Records for this task >>
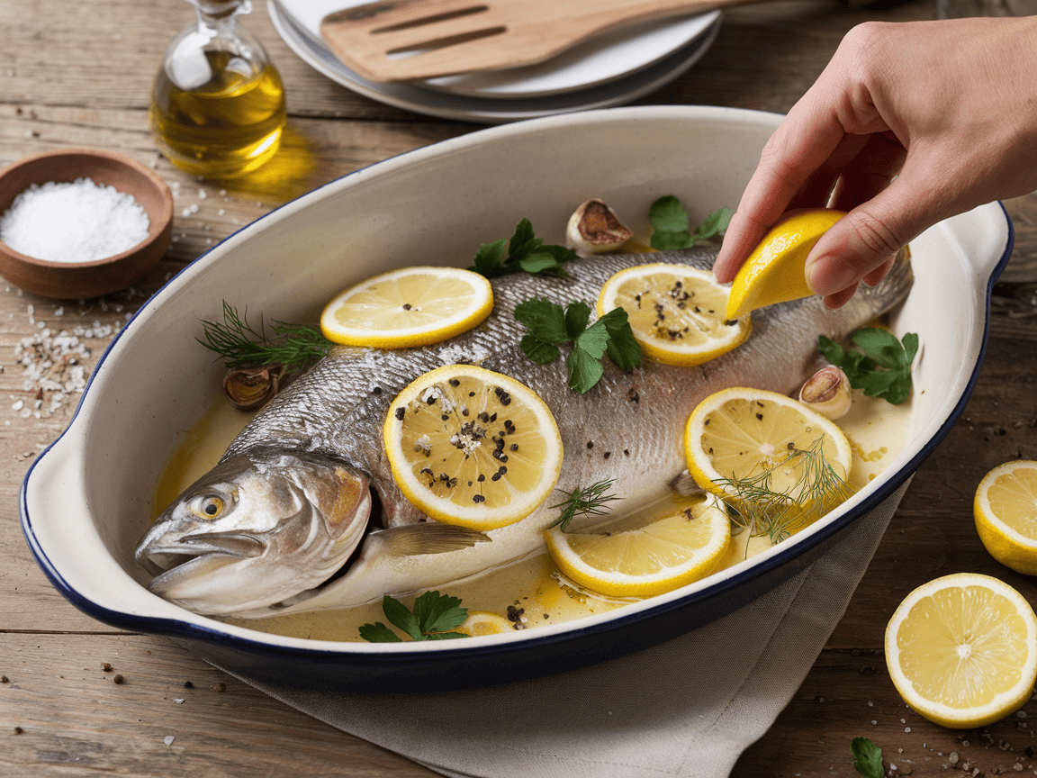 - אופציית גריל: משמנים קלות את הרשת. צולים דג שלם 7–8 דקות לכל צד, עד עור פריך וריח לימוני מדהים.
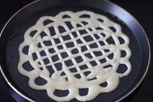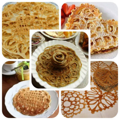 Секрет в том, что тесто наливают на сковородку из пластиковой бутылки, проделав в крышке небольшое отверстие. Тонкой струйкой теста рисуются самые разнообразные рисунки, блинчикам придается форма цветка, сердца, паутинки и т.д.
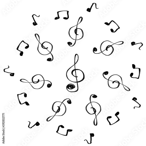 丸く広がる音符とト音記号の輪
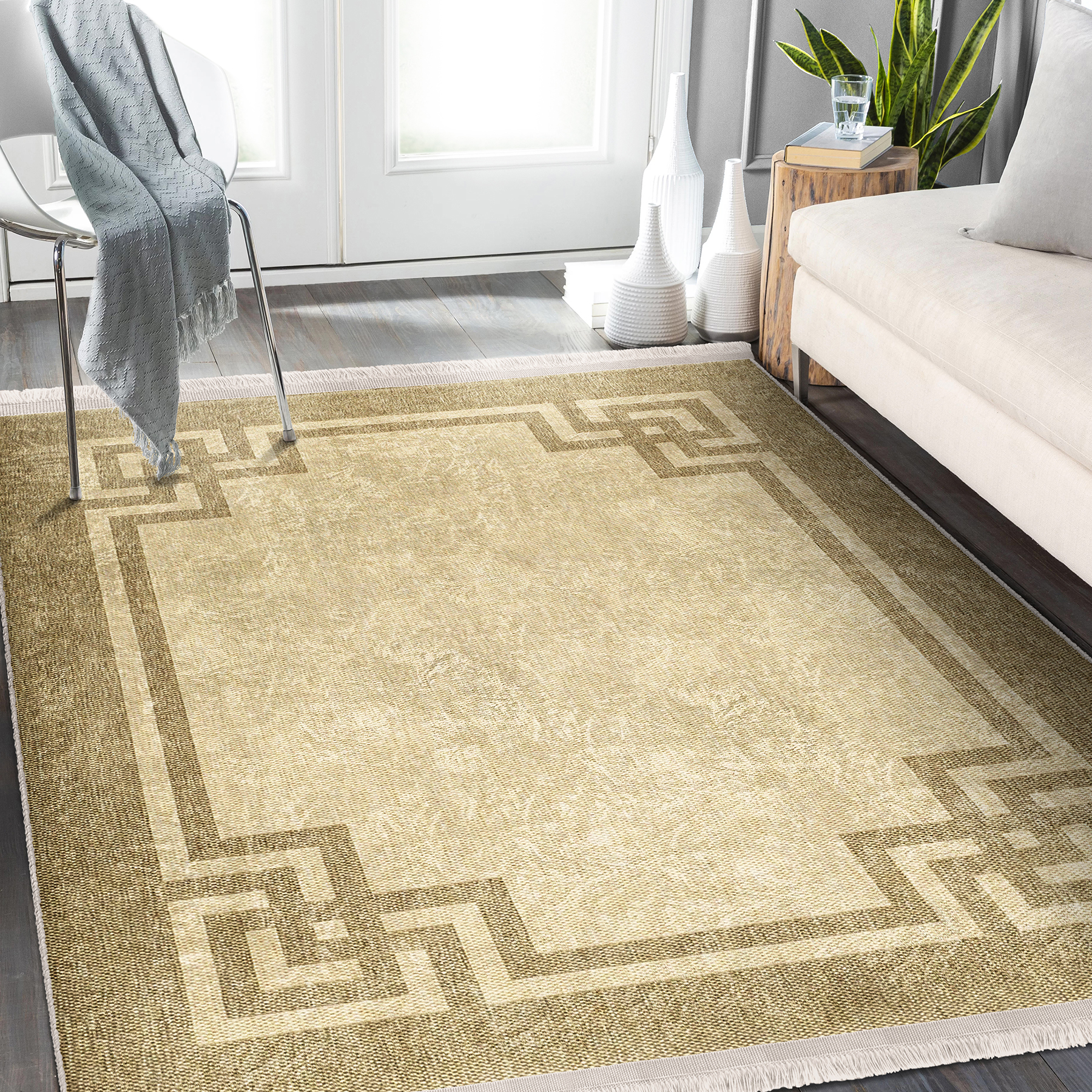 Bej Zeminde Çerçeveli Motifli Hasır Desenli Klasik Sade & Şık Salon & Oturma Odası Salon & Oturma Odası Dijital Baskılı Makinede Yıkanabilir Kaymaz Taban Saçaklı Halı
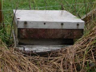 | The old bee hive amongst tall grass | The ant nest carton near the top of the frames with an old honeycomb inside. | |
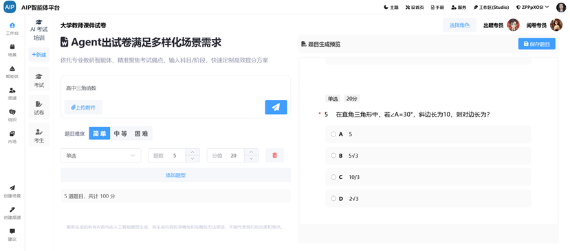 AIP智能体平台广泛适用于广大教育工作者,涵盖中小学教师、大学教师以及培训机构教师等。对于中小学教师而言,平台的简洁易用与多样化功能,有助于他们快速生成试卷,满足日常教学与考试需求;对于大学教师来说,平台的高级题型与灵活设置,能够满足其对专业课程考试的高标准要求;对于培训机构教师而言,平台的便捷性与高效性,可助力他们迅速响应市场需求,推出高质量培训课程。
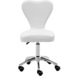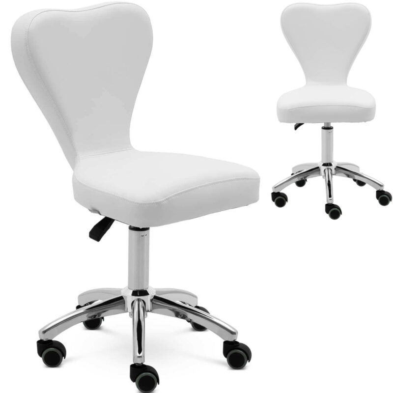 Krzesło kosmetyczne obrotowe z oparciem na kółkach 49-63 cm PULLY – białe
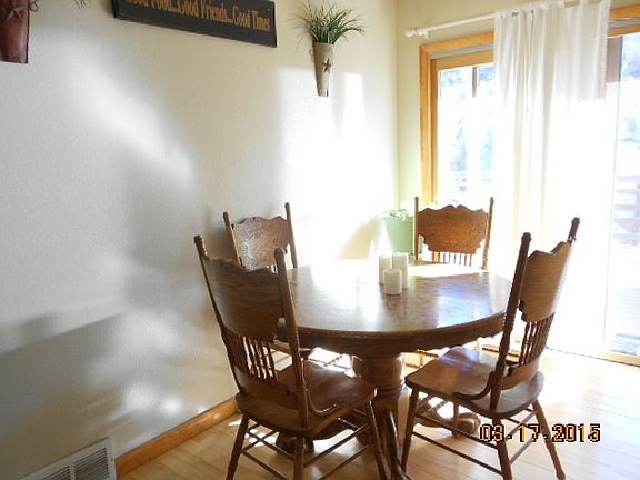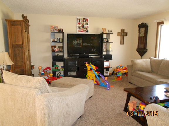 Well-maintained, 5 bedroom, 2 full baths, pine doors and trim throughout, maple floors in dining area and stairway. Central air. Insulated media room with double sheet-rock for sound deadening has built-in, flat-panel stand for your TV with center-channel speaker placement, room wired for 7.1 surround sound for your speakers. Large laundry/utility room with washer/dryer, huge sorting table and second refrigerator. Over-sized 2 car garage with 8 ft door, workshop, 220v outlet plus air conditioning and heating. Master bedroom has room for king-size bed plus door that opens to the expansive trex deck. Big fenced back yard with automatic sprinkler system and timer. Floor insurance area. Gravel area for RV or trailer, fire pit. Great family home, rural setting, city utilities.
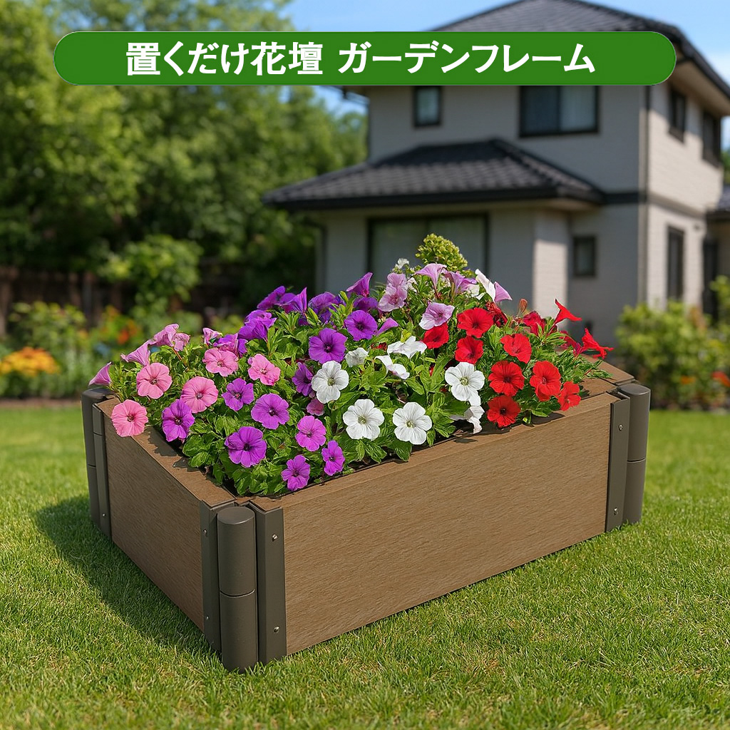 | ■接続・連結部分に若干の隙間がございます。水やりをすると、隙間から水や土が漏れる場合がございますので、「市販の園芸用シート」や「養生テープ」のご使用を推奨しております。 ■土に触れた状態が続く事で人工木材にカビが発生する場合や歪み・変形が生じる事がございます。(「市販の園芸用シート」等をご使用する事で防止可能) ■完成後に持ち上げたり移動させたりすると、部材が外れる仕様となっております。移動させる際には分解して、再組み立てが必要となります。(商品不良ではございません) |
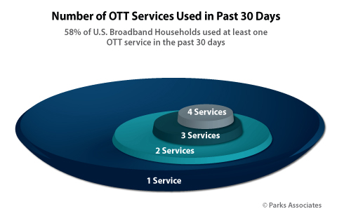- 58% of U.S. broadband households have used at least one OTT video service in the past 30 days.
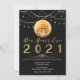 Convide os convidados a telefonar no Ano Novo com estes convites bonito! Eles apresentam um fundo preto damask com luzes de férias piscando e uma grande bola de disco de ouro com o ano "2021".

Task to complete >> Only the lines from the beginning of the listing through the line with "inside. | |", both ends included, are to be repeated exactly; pictures stay out.

Exercise response >>
 - אופציית גריל: משמנים קלות את הרשת. צולים דג שלם 7–8 דקות לכל צד, עד עור פריך וריח לימוני מדהים.
 Секрет в том, что тесто наливают на сковородку из пластиковой бутылки, проделав в крышке небольшое отверстие. Тонкой струйкой теста рисуются самые разнообразные рисунки, блинчикам придается форма цветка, сердца, паутинки и т.д.
 丸く広がる音符とト音記号の輪
 Bej Zeminde Çerçeveli Motifli Hasır Desenli Klasik Sade & Şık Salon & Oturma Odası Salon & Oturma Odası Dijital Baskılı Makinede Yıkanabilir Kaymaz Taban Saçaklı Halı
 | The old bee hive amongst tall grass | The ant nest carton near the top of the frames with an old honeycomb inside. | |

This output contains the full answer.